As I enjoyed the first cup of team this morning I had the thought…I’m as happy as a clam this morning. Now, I’m a very curious person and I immediately thought next…wonder where that saying comes from?
Enter THE GOOGLE…
I love Google, I love the internet, I love researching and finding the answers to my many questions. I learn so much everyday and let me tell you something else…nothing squelches an heated discussion/argument faster than a google search!
Back to my original internet search this morning…Here’s what I found:
“Happy as a clam” originated from the idea that clams were happy at high tide when they were out of danger from human consumption.

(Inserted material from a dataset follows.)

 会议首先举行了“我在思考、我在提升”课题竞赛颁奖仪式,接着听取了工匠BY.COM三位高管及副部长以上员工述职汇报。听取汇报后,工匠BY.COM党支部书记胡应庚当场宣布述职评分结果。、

Applied to people, this phrase means that someone feels safe or secure. Things are well in the world and danger is, for the moment, at a safe distance. A symbolic clamshell — perhaps made of good friends and family, financial security and similar items — contains the person well, providing protection with its virtually uncrackable hardness. As Saxe writes in his last line of his sonnet: “thy case is shocking hard!”

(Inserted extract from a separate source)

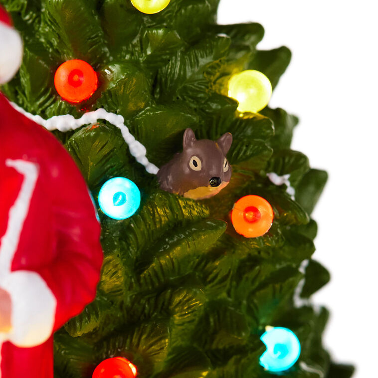 Have the hap-hap-happiest Christmas ever with this hilarious figurine of Clark Griswold ready to sleigh the holidays. The light-up figurine displays Clark in a Santa suit clutching his trusty moose mug and standing by a scorched armchair. A smoky cat outline in the carpet and his too-tall tree curving candy cane-style behind him complete the epic scene. Press the button on the figurine's base to see the tree lights illuminate, the singed cat outline glow and hear one of seven quotes from the laugh-out-loud classic "National Lampoon's Christmas Vacation."

Okay…so yeah, that’s pretty interesting. I was just feeling content this morning when I had the thought. The house was quiet, boys asleep, hot cup of tea, day off from work, no where to be, no one to meet…nice, yes, very nice.
But reading about the clam at high tide gave me pause.
Safe and secure…
The world and danger is at a safe distance…
Why yes, this morning, this moment that is true.
I really do try and need to stay in the moment because just last Monday…and the days before that…and on and off over the last couple of months, I have not felt safe and secure. There is an ocean full of change and resulting anxiety going on in multiple areas of my life. Change is imminent…to what extent is yet to be determined.
So why is this morning peaceful and Monday was not? I was reminded by a wise man named Darrel that NO MATTER WHAT…that as long as I had a relationship with God the rest was just details. Doesn’t matter where I work, where I live, who lives with me (yes, my children will eventually abandon me), car I drive, etc…you get the point. This is just a season…God willing, I’ll have other seasons.
I am uncomfortable, yes. I am sad, yes. But I’m also grateful (mostly) – God is SO ACTIVE in my life! I’m being refined and growing…I’m being used in HIS Kingdom. I’m in the game! As my kids would say…I’m a Play-ya.
But honestly, I’m also grateful for the peace this morning. I’m grateful to be as happy as a clam in this moment.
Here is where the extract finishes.